⚠ This website is for the 2022-23 academic year and is no longer maintained. ⚠

Mean Residual Life

4.2. Mean Residual Life#

One of the most popular techniques to select the threshold when performing POT is a graphical method called Mean Residual Life (MRL) plot[1]. MRL plot presents in the x-axis different values of \(th\) and, in the y-axis, the mean excess for that value of the \(th\). The range of appropriate threshold would be that where the mean excesses follows a linear trend.

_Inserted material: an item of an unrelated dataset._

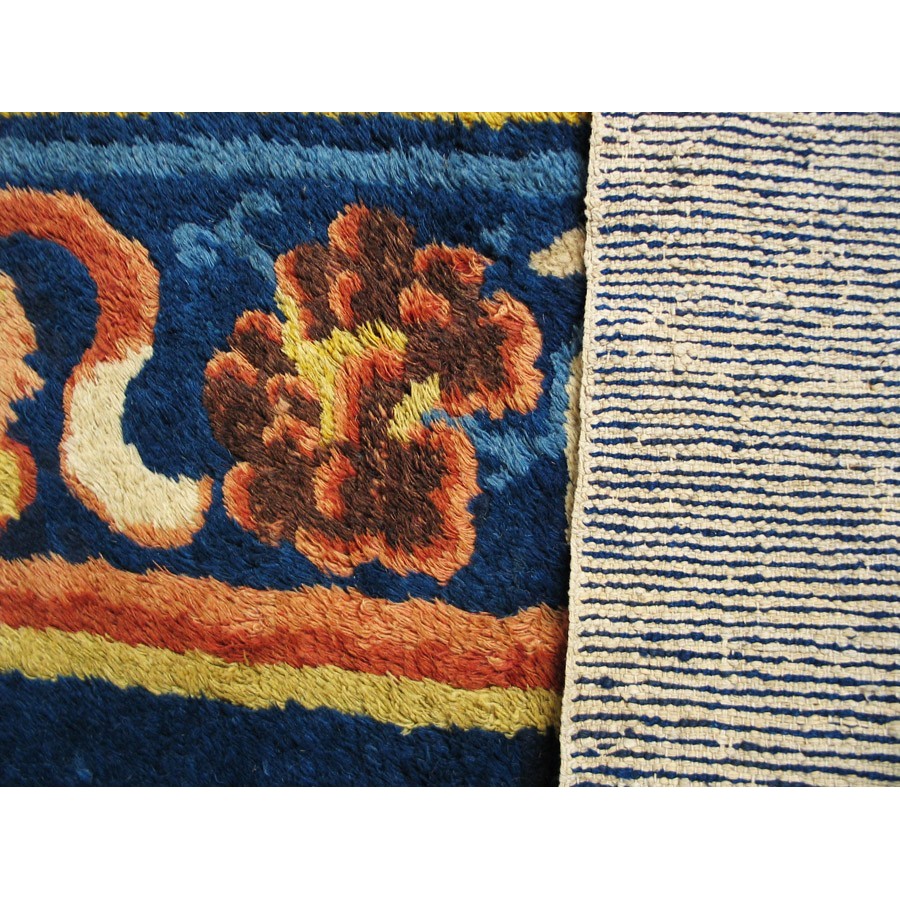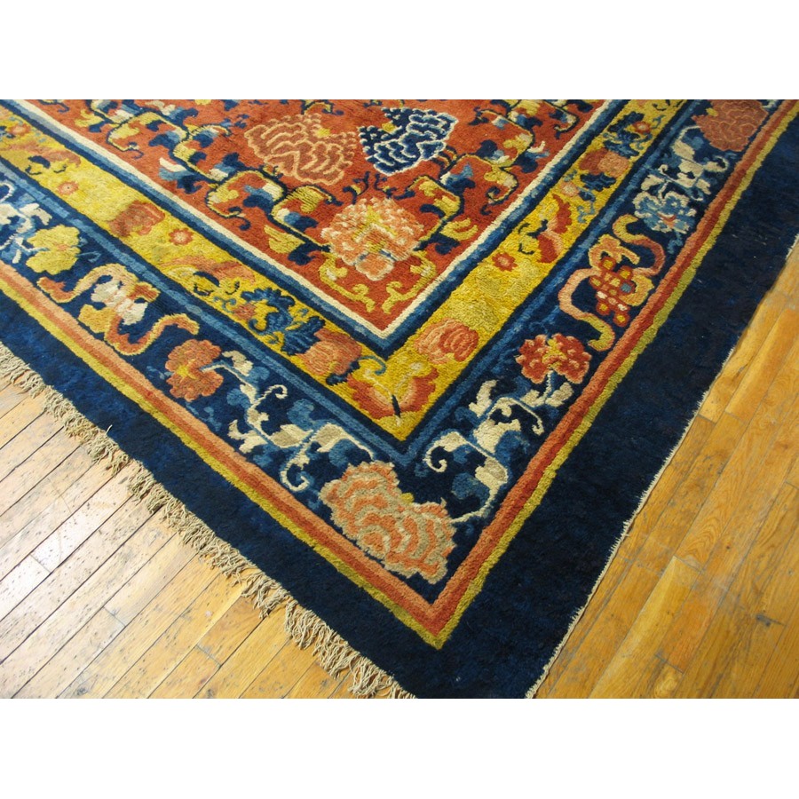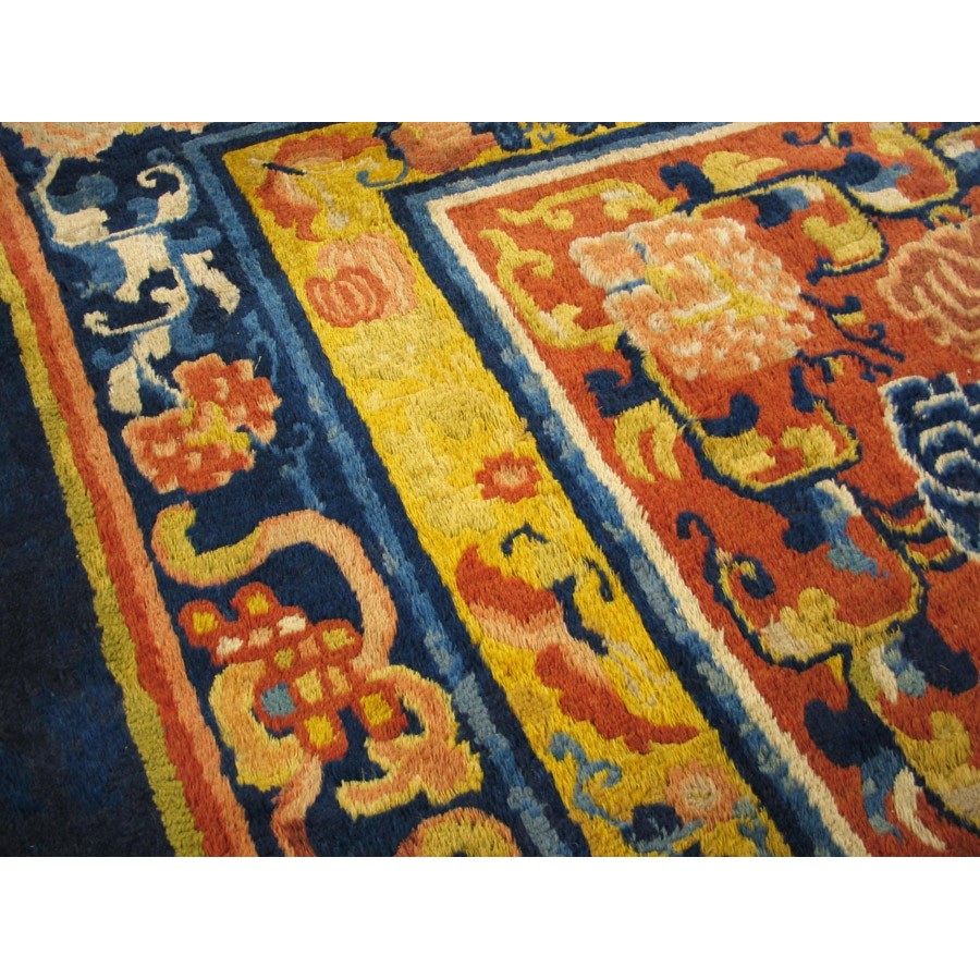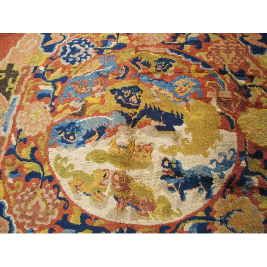 DescriptionChineseCarpets made in China proper. See entries Ningshia, Peking, Art Deco. Chinese - NingxiaThe western Chinese province of Ningshia has a mostly Muslim population and is the source of many of the oldest Chinese carpets of the modern (Ming Dynasty and later) era. The designs are typically Chinese: fretwork or Greek key boarders, pacony palmettes, bats, butterflies, Fu dogs, clouds, dragons, shou symbols, etc. Pollar carpets designed to wrap around monastery columns and displaying a dragon above waves are a specialty. The weave is coarse and soft, with several wefts between knot rows and a longish pile. Yellow golds, dark and light blues are common colors. The outer most plain border on pre 1800 examples is a corrosive brown. Formats include: large square throne carpets, paralleled meditation runners, chair seats and scalloped backs. | |

We have computed the MRL plot for our \(Hs\) data and we can see that there is a linear trend from \(H_s \approx 2m\) up to \(H_s \approx 3.5m\). Therefore, our selection of \(th=2.5m\) is appropriate according to the MRL plot. Note that this method is graphical, so it includes a bit of subjectivity.

../_images/MRL_plot.png

But what is this based on?#

Let \(Y = [X-th|X>th]\) be the excesses above a threshold \(th\).

Let also \(Y\) be Generalized Pareto (GPD) distributed.

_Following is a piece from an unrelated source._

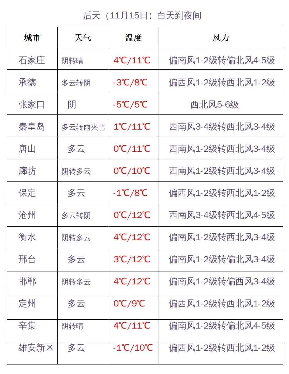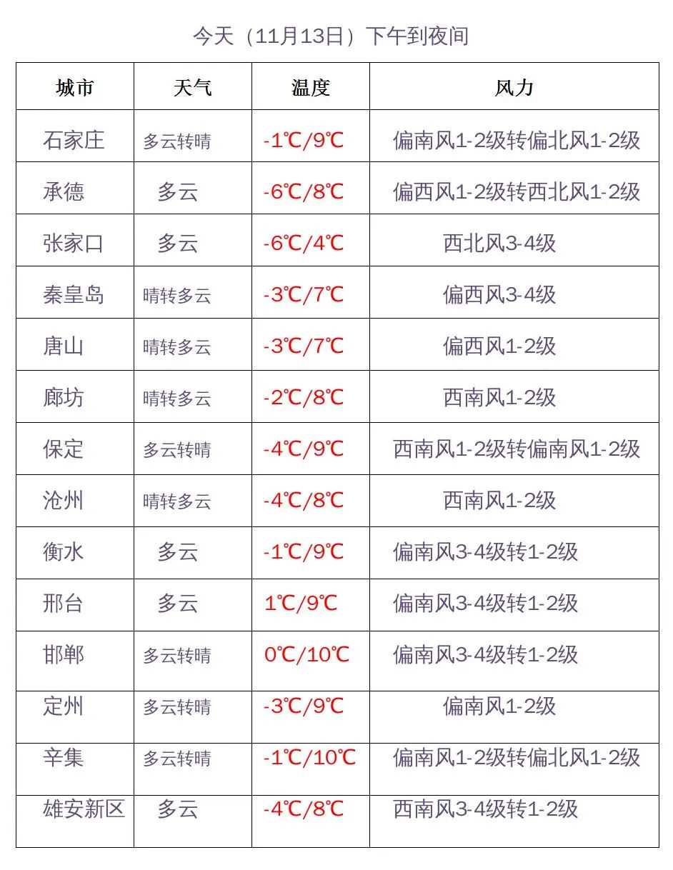 河北省气象台2023年11月13日11时发布天气预报:

Thus, for every value of \(th^*\geq th\), the excesses \(Y^*= [X-th^*|X>th^*]\) are also GPD distributed with the same shape parameter, \(\xi\), a scale parameter \(\sigma_{th^*}=\sigma_{th}+\xi(th^*-th)\) and a mean value

\( \overline{Y}(th^*) = E[X-th^*|X>th^*] = \frac{\sigma_{th^*}}{1-\xi} \) [2]

Introducing \(\sigma_{th^*}\) into the previous expression, we obtain

\( \overline{Y}(th^*)=\frac{\sigma_{th}+\xi(th^*-th)}{1-\xi}=Ath^*+B \)

being thus \(A=\frac{\xi}{1-\xi}\) and \(B=\frac{\sigma_{th}-\xi th}{1-\xi}\) the slope and intercept of a linear relationship. This means that a linear relationship exists between the mean excesses and the threshold selected when assuming a GPD. Therefore, if we plot the mean excess as function of the threshold, those parts of the plot where a linear relationship is observed are those where it is feasible to apply a GPD.

Let’s code it!#

In order to exemplify how to actually implement MRL plot, pseudo code is presented.

read observations

#define parameters
dl = 48 #in hours
range_thresholds = linspace(min, max, step)

for i in length(range_thresholds):
    excesses = find_peaks(observations, threshold = th[i], distance = dl) - th[i]
    mean_excesses[i] = mean(excesses)

plot(x = range_threshold, y = mean_excesses)